Kater Damit mir die Decke nicht auf den Kopf fällt, bin ich eigentlich Tag für Tag unterwegs. Mein Perser Schnurr ist somit viel allein. Ich will mit meinem Handeln auch das Vermächtnis meines Sohnes erfüllen.

Ich betreue Kinder- und Jugendgruppen, sei es bei der Caritas, im Frauenhaus oder im Jugendtreff. Ich spiele mit ihnen und erzähle über das Judentum, den Glauben, die Faszination. Ich sammle Spenden für Kinder, sei es Spielzeug oder Kleidung, Nahrung oder Literatur. Mir ist es wichtig, etwas Gutes zu tun, ohne groß darüber zu reden. Man muss es einfach tun.

Und dann werde ich über das Arbeitsamt immer wieder mal tageweise als Dolmetscherin vermittelt. Ich spreche ja vier Sprachen: neben Russisch und Englisch auch Rumänisch, was in Moldawien die Verwaltungssprache ist.

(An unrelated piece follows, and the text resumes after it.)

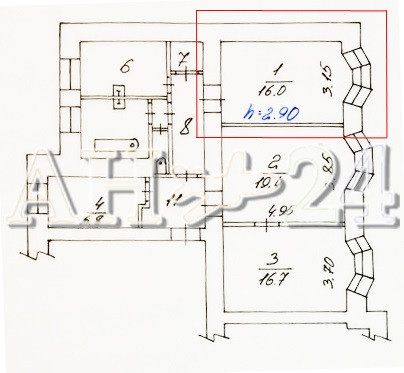 Высота потолков 2.9 м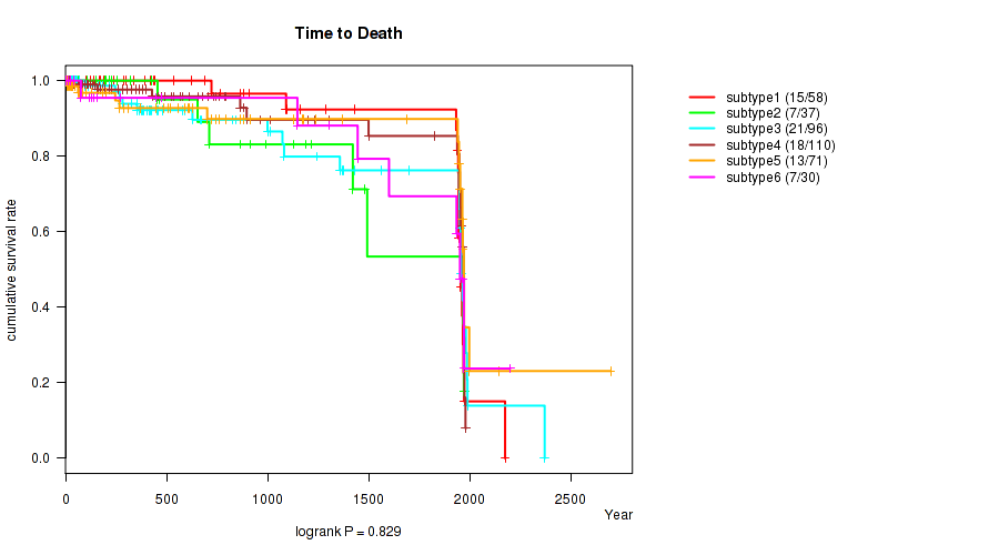 Table S165. Clustering Approach #12: 'MIRseq Mature cHierClus subtypes' versus Clinical Feature #1: 'Time to Death'

Leider konnte ich in dieser Nische keinen Job finden.

Ich habe mich selbst auf Stellen im Pflegebereich beworben: 400, vielleicht auch 500 Bewerbungen sind da über die Jahre zusammengekommen. Heute bin ich 53. Bei meiner Ankunft habe ich noch fest geglaubt, dass ich eine Arbeit finde. Aber man hat keine Chance.

Es ist insgesamt ein ruhiges Leben, das ich führe. Ich schaue wenig fern, es kommen doch vor allem Soaps und Krimis. Ich lese viel. In der Bibliothek lachen sie schon und sagen, ich hätte doch schon jedes Buch ausgeliehen. Den eigentlichen Halt aber finde ich in der Religion.

Manchmal, wenn ich einen Regenbogen sehe, dann denke ich an meinen Shimon. Ich habe ihn früher immer angerufen und gesagt, er soll schnell aus dem Fenster schauen, die Farben sind so toll. Als er nicht mehr lebte, habe ich die leuchtenden Farben lange Zeit nicht gesehen. Im Russischen heißt Regenbogen »Raduga«. Sich zu freuen heißt »radowatzja«. Das klingt ähnlich. Und tatsächlich: Ich sehe wieder den Regenbogen und beginne, mich zu freuen.